When my doctor told me that I was an outlier, I believed her. Several doctors have told me that over the years, but I don’t feel special to be honest. I’ve worked hard for all I’ve got, true. It hasn’t being an easy ride, either. Should I feel proud of my accomplishments? Perhaps. The thing is that I don’t feel proud. More often than not, I feel like a joke.

I feel like someone who’s trying too hard for no other reason other than to prove himself. You know what? That’s as best as I can describe myself. I’m compensating hard for all the things that happened. For all the things I lack, for the things I didn’t have. It is just that, compensating. 

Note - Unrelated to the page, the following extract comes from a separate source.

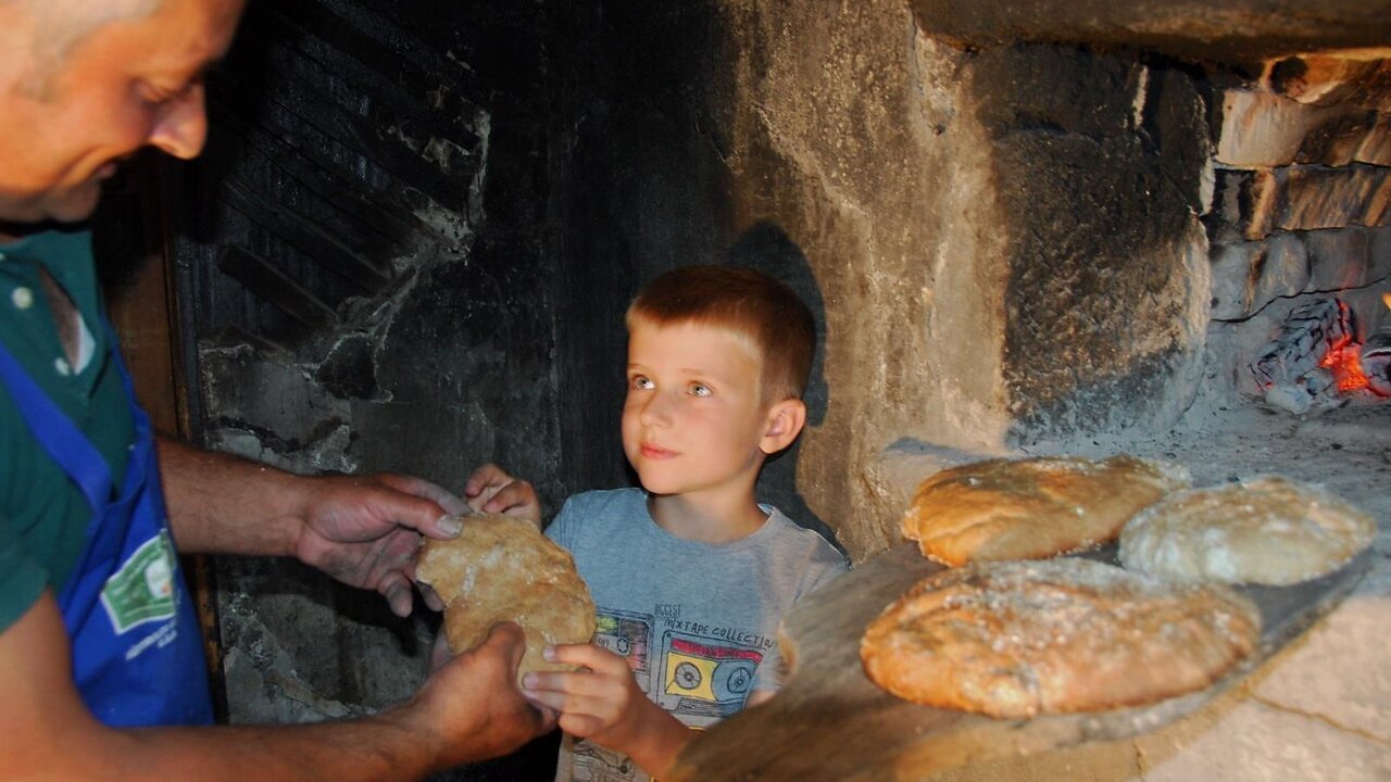 Baking together traditional bread in a wood-burning oven is fun and not difficult. The farmers demonstrate step by step how to mix all ingredients to form a dough.
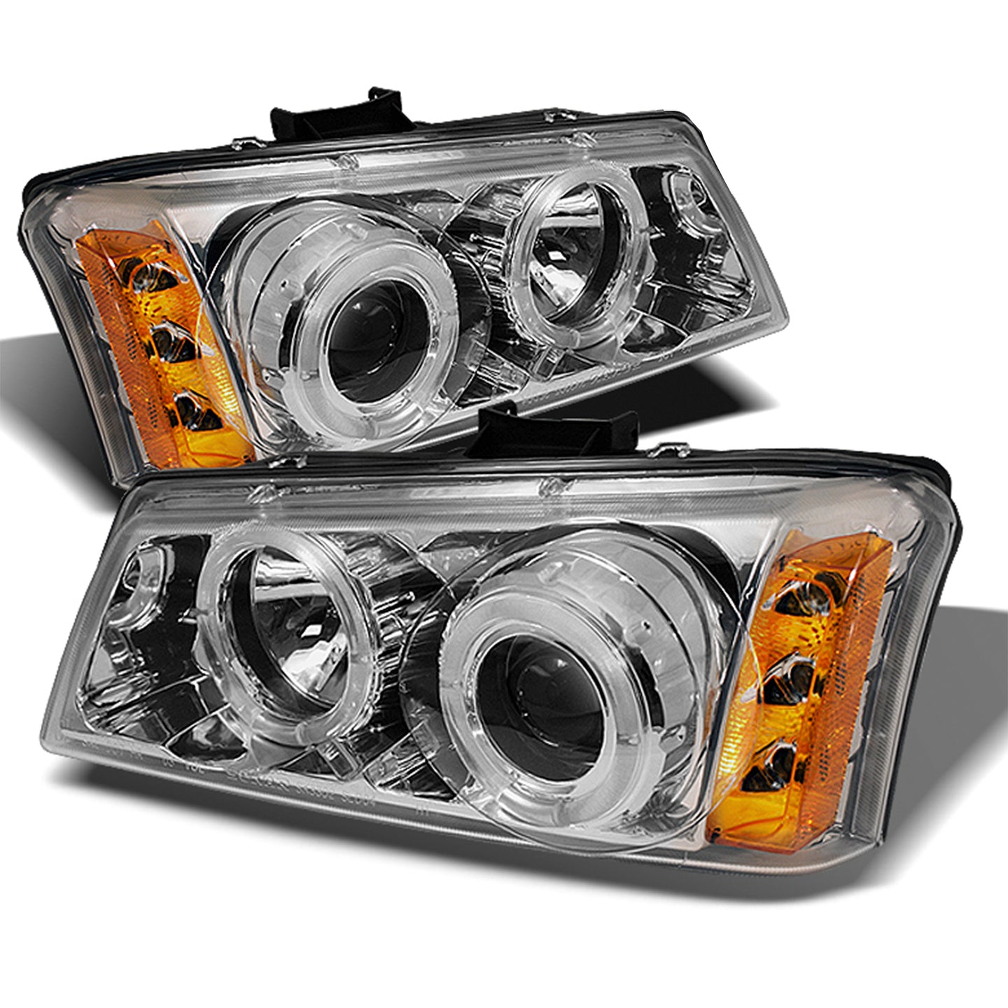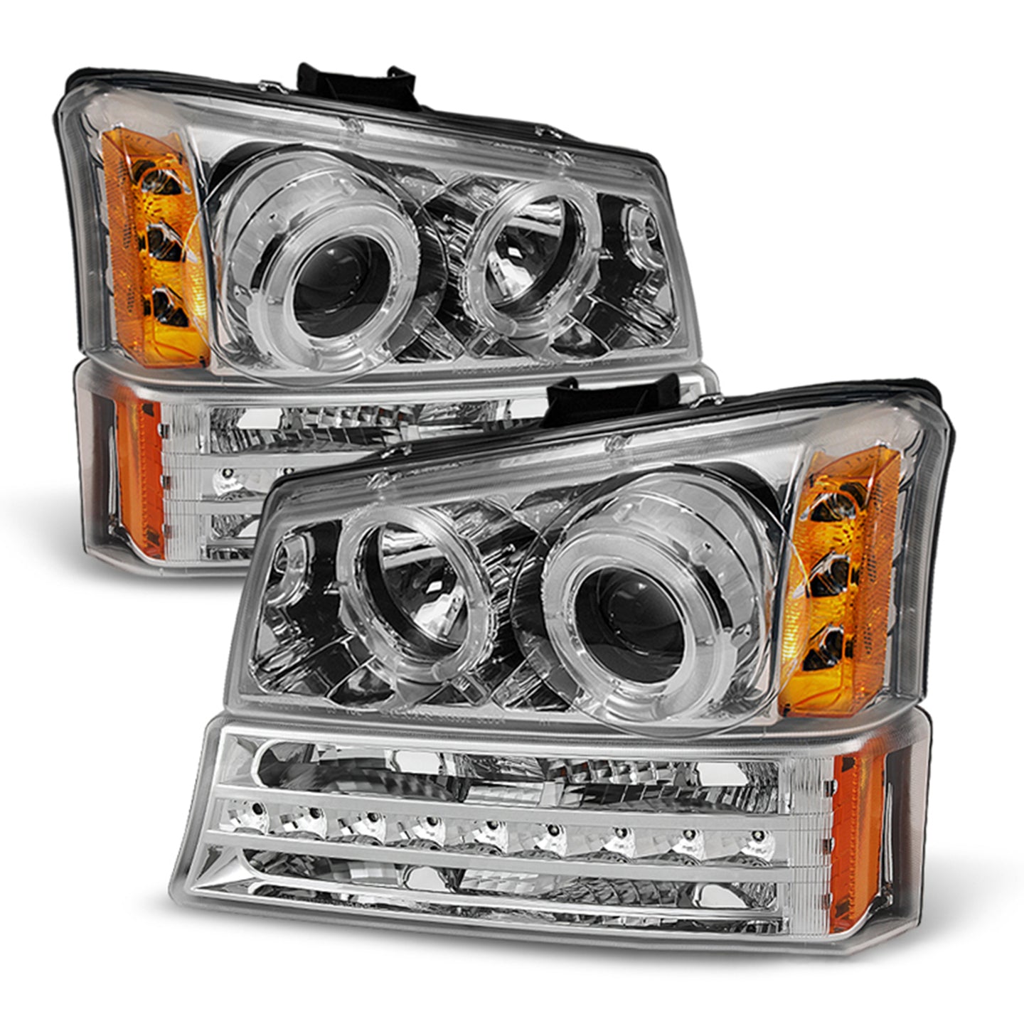 AKKON - For 2003-2006 Chevy Silverado Chrome Housing Dual Halo Projector Headlights + LED Bumper Lamps

It’s the fear of loosing everything and myself along the way that pushes me to go beyond what I can. It’s the fear of failure that I can’t stand. After failing several times, I had enough of it. Hence, the anxiety grows exponentially when I’m between transitions. I feel miserable and at the same time I try to mask it. It’s a fight that I’m doing alone most of the time. 

Unfortunately, I haven’t made much progress doing my part fighting the stigma towards mental health. With my silence I’ve just add to it at best. And here I am, trying to be open about mental health on this blog. I wish I could talk about this more openly with others. However, most of the times I’ve tried, either the conversation stops, or the people don’t look at me the same way before. That’s a bummer.

I’ll be thinking on ways I can talk about mental health with others. For now, this blog has been an outlet for it. I’ve been following fellow bloggers and there’s so much I can relate to all of them. To all of you that take a minute to read me, I want to say thank you.